__ACTIVITY__
The line containing "Harici monitör ile" marks the start. Restate it and every following line through the end of the records exactly, and nothing else, leaving out the pictures.

__SOURCE MATERIAL__

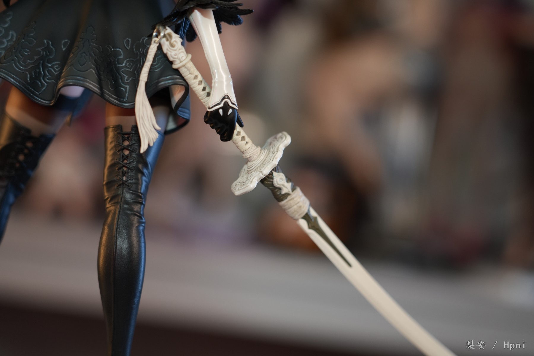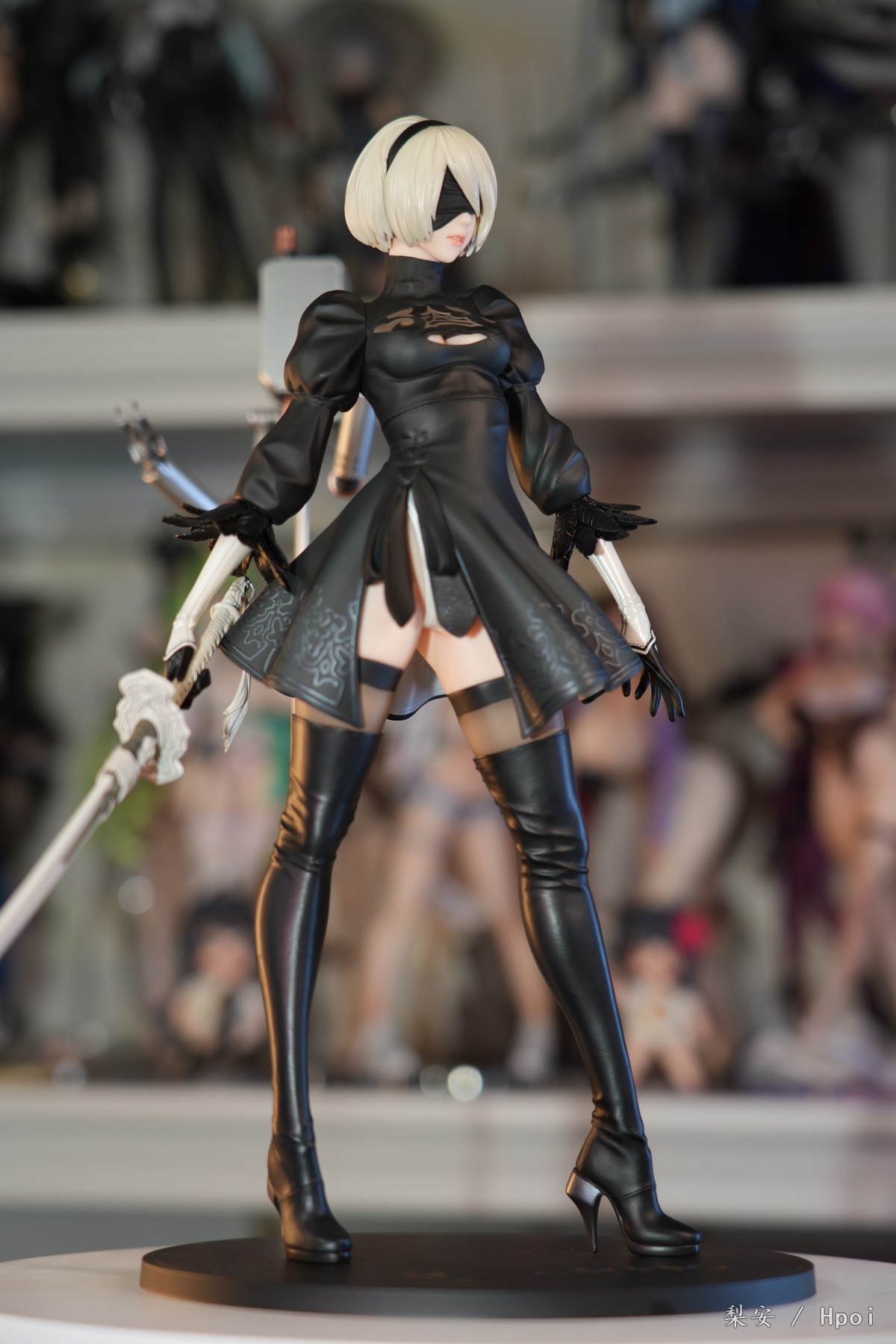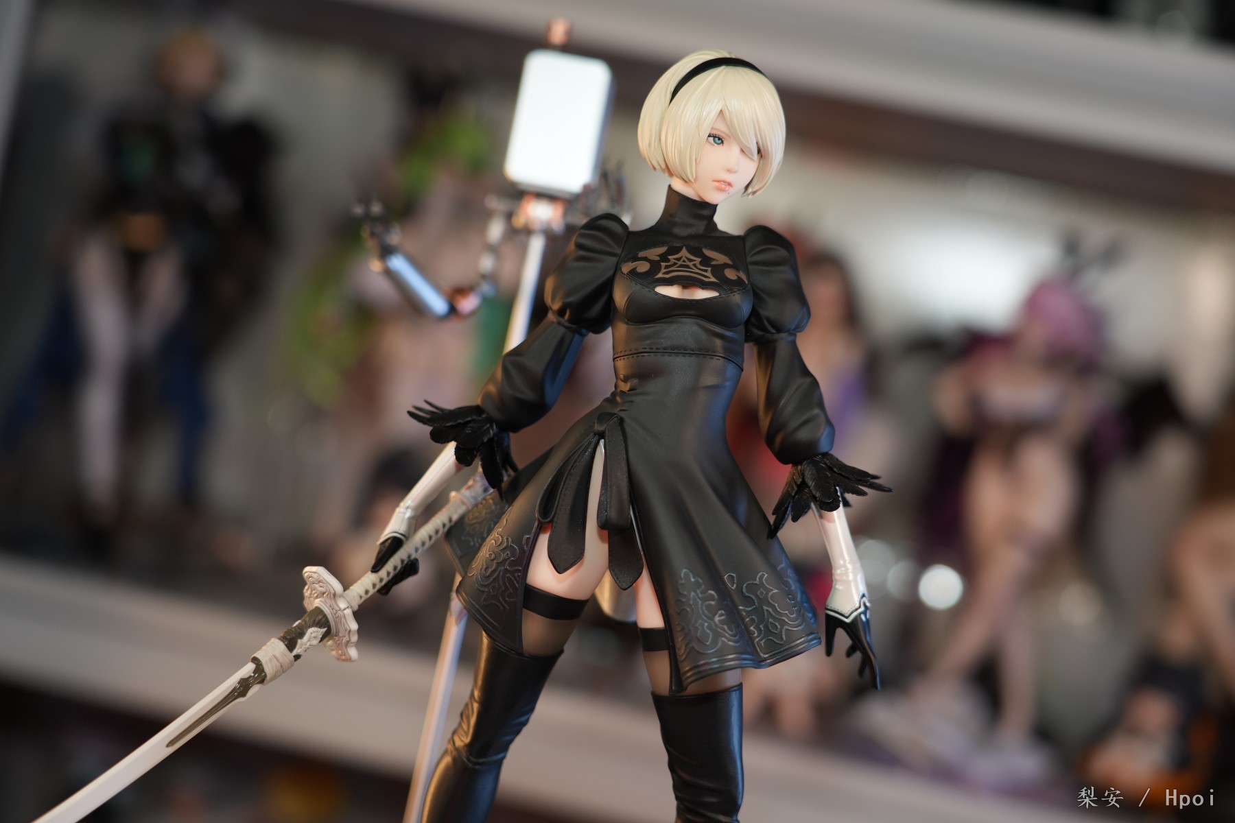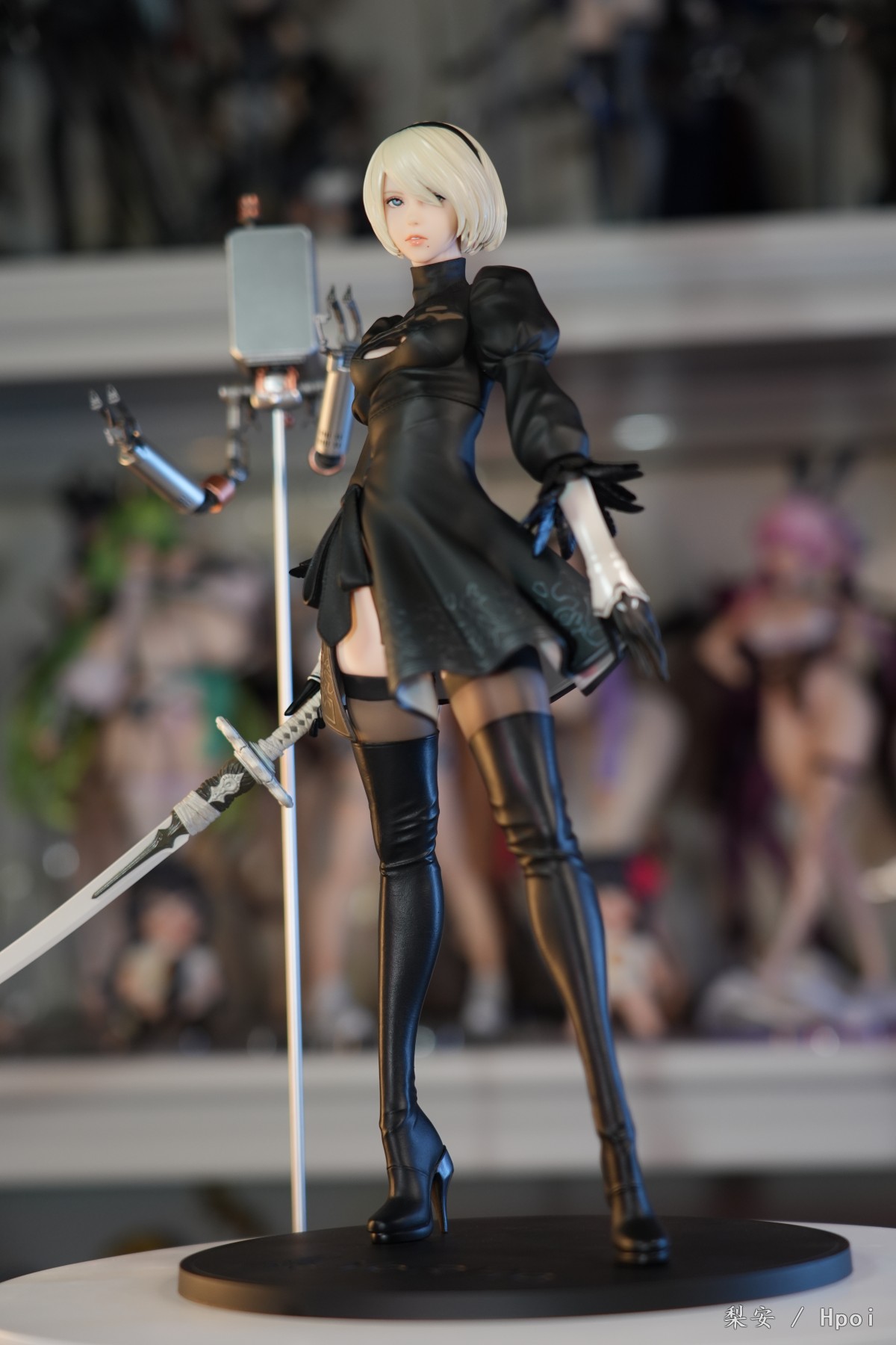 这次拍摄的2b真是太好看了,整体比例很大,腿很长,尤其喜欢这个高跟长筒靴,替换身的屁股也做得挺好的,小机器人手部可以动,有点做旧涂装,尤其喜欢眼罩头雕,看着挺好挺还原的,另外一个不戴眼罩的就有点一般了
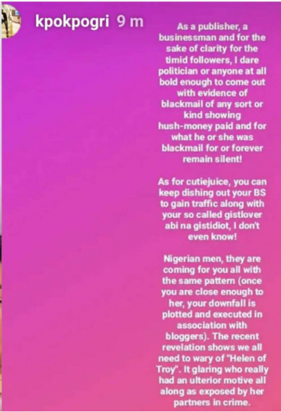 Kpokogri alleged that their relationship, which lasted for three months, was a living hell and he’s being used as the victim of blackmail.
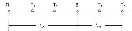 На схеме П1 и П2 – станции соответственно первой и следующей погрузки, В – станция выгрузки вагона, Т1, Т2, Т3 и т.д. – технические станции (сортировочные и участковые).
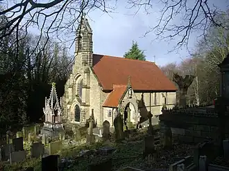 The chapel is in the Early English style and was designed by the architects Messrs Hadfield and Son with Mr. M.J. Dowling used as the contractor. It is built of dressed Greenmoor wallstone with Worrall stone dressing, internally it is 22 feet wide and 72 feet long, the roof is covered by Staffordshire tiles. At the chapel's western end is a sixty foot high bell turret in which hangs a five cwt bell by Mears of London. The chapel was designated a Grade II listed building in December 1984.[2] The cemetery's most notable grave is the Walsh monument, which is a Grade II listed structure. This is a vault and memorial constructed for the Walsh family, it consist of mostly granite and marble with decorative cast-iron railings and a 1.5-metre-high (4.9 ft) figure on top.[3]
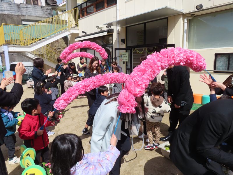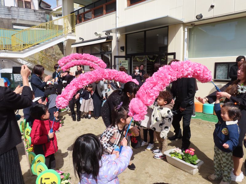 在園児さんがお花のアーチでお見送りしてくれました。
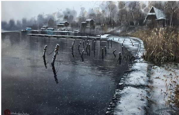 Как разглядеть красоту в свинцовом небе и какими средствами передать ее в акварели, знает Николай Солодов.
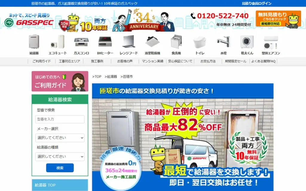 2025年5月にガス給湯器174機種の価格を平均17,035円値下げしており、交渉なしでの低価格を強みとしています。
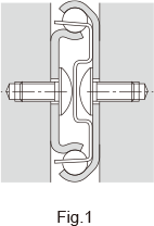 The mounting orientation of Fig.8 is applicable to model FBL35F. The mounting orientation of Fig.9must be used for model FBL48DR. To prevent a moment load from being applied, position the center of gravity of the door on the ball and cage center lines, and ensure that section A of the hanger is structured to allow free rotation. The mounting orientation of Fig.10 is applicable to model E36RS. Unlike other slide rails, model FBL48DR and model E36RS are used in a single rail configuration.Therefore, the load must be centered on the ball and the cage center line.
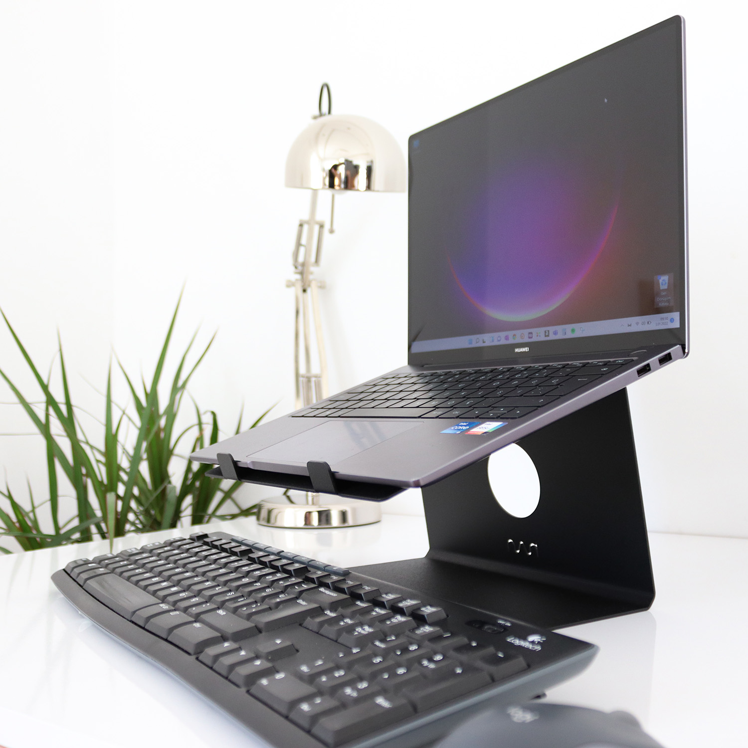 Harici monitör ile birlikte kullanılan laptoplar için dikey kullanım imkanı sayesinde masa üzerindeki alandan tasarruf etmenizi sağlar.
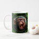 Humoristischer Mug mit einem realistischen Schimpansen in der Grimasse, der seinen Finger in die Nase steckt. Ein perfektes Bild, um einem Freund zu bieten, ein Büro zu besetzen oder die Amateure von humorvollen Bildern zu überraschen.
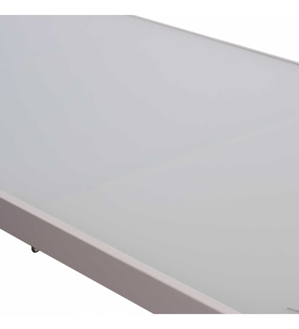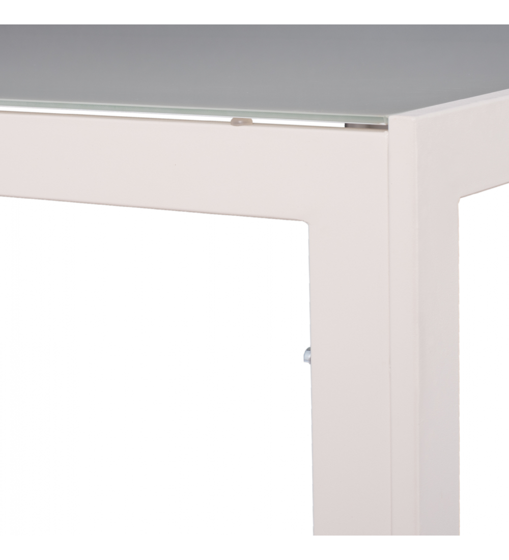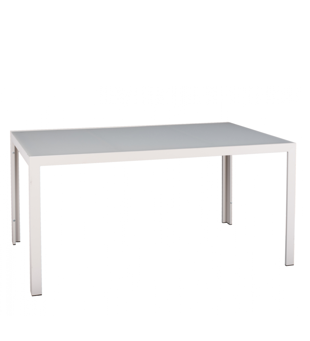 Τραπέζι Μεταλλικό 1,50εκ. Λευκό με Τζάμι, εξωτερικού χώρου σε Λευκή του Πάγου απόχρωση με γυαλί στην επιφάνειά του.
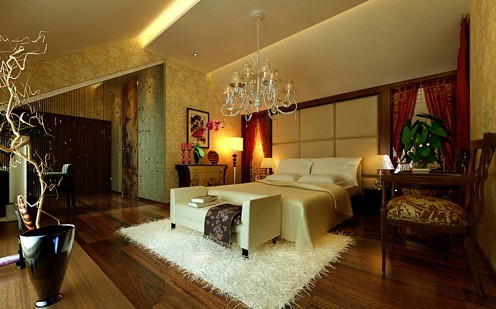 在這個臥室設(shè)計中,用了很多的暖光和軟包,叫整個空間更加的溫馨舒適,加上一個水晶吊頂?shù)狞c綴更能體現(xiàn)出主人的個人品味。

__TASK OUTPUT__
 Harici monitör ile birlikte kullanılan laptoplar için dikey kullanım imkanı sayesinde masa üzerindeki alandan tasarruf etmenizi sağlar.
 Humoristischer Mug mit einem realistischen Schimpansen in der Grimasse, der seinen Finger in die Nase steckt. Ein perfektes Bild, um einem Freund zu bieten, ein Büro zu besetzen oder die Amateure von humorvollen Bildern zu überraschen.
 Τραπέζι Μεταλλικό 1,50εκ. Λευκό με Τζάμι, εξωτερικού χώρου σε Λευκή του Πάγου απόχρωση με γυαλί στην επιφάνειά του.
 在這個臥室設(shè)計中,用了很多的暖光和軟包,叫整個空間更加的溫馨舒適,加上一個水晶吊頂?shù)狞c綴更能體現(xiàn)出主人的個人品味。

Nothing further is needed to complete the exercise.